Swap in RustSQLiteCheckpointer for 5–6x faster checkpointing
from fast_langgraph import RustSQLiteCheckpointer. Pass it to graph.compile(checkpointer=…). Done. Your checkpoints now bypass Python deepcopy entirely.
LangGraph’s SQLite checkpointer is reliable but slow on anything beyond toy workloads. The bottleneck isn’t the SQLite writes — it’s Python’s deepcopy, which runs on every state persistence operation and scales poorly with state complexity. Our benchmarks show deepcopy taking 206 ms on a 235 KB state.
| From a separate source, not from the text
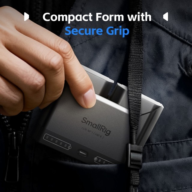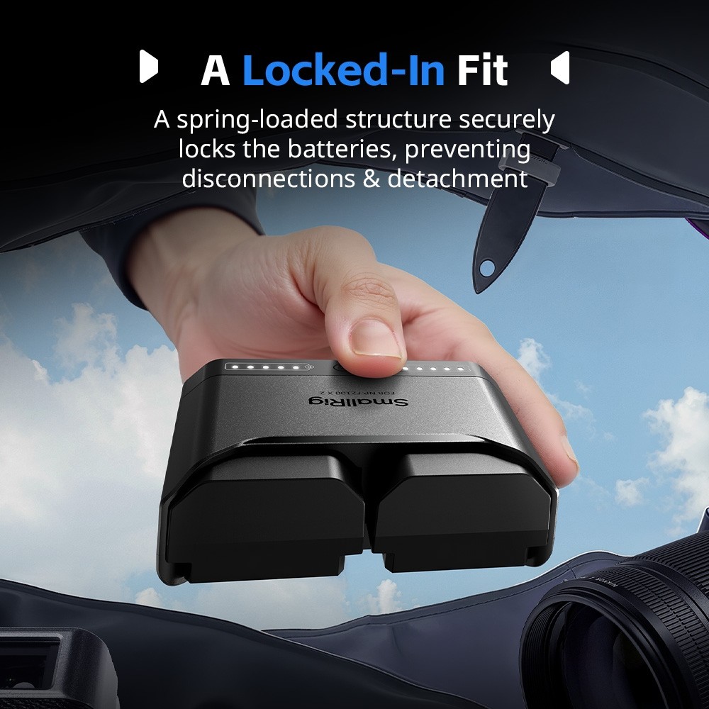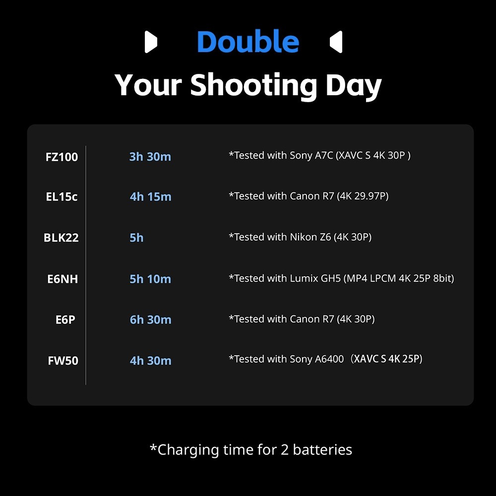 Každá batéria poskytuje skutočný výstup 1030 mAh, čo zabezpečuje dlhší čas fotografovania pre náročné pracovné postupy. Dvojitý slot nabíjačky umožňuje simultánne nabíjanie dvoch batérií alebo nabíjanie jednej batérie, pričom dve batérie sa úplne nabijú za približne 1,5 hodiny pre optimálnu účinnosť.

RustSQLiteCheckpointer is a drop-in replacement that keeps the same BaseCheckpointSaver interface but performs serialization in native code.
Adopt it
from fast_langgraph import RustSQLiteCheckpointer
from langgraph.graph import StateGraph
checkpointer = RustSQLiteCheckpointer("state.db")
graph = (
StateGraph(MyState)
.add_node(...)
# ...
.compile(checkpointer=checkpointer)
)
If you’re using MemorySaver or SqliteSaver today, this is a one-line change. No schema migration — it uses the same on-disk format and file layout.
What you gain
| Metric | LangGraph SqliteSaver | RustSQLiteCheckpointer | Speedup |
|---|---|---|---|
| Checkpoint serialization (small state) | ~15 ms | 0.35 ms | 43× |
| Checkpoint serialization (35 KB) | ~52 ms | 0.29 ms | 178× |
| Checkpoint serialization (235 KB) | ~206 ms | 0.28 ms | 737× |
| End-to-end PUT+GET | Baseline | 5–6× faster | 5–6× |
The speedup is not flat — it scales with state size. Small graphs with tiny state see modest gains. Production graphs with accumulated messages, tool outputs, and scratchpads see the dramatic numbers.
Why it’s this fast
The win comes entirely from avoiding Python object overhead. deepcopy walks your state graph recursively, allocates new Python objects, touches the GIL at every layer, and runs pure interpreted bytecode. Rust does the equivalent walk in native code against a flat serialization buffer — no allocations per node, no GIL contention, no interpreter overhead.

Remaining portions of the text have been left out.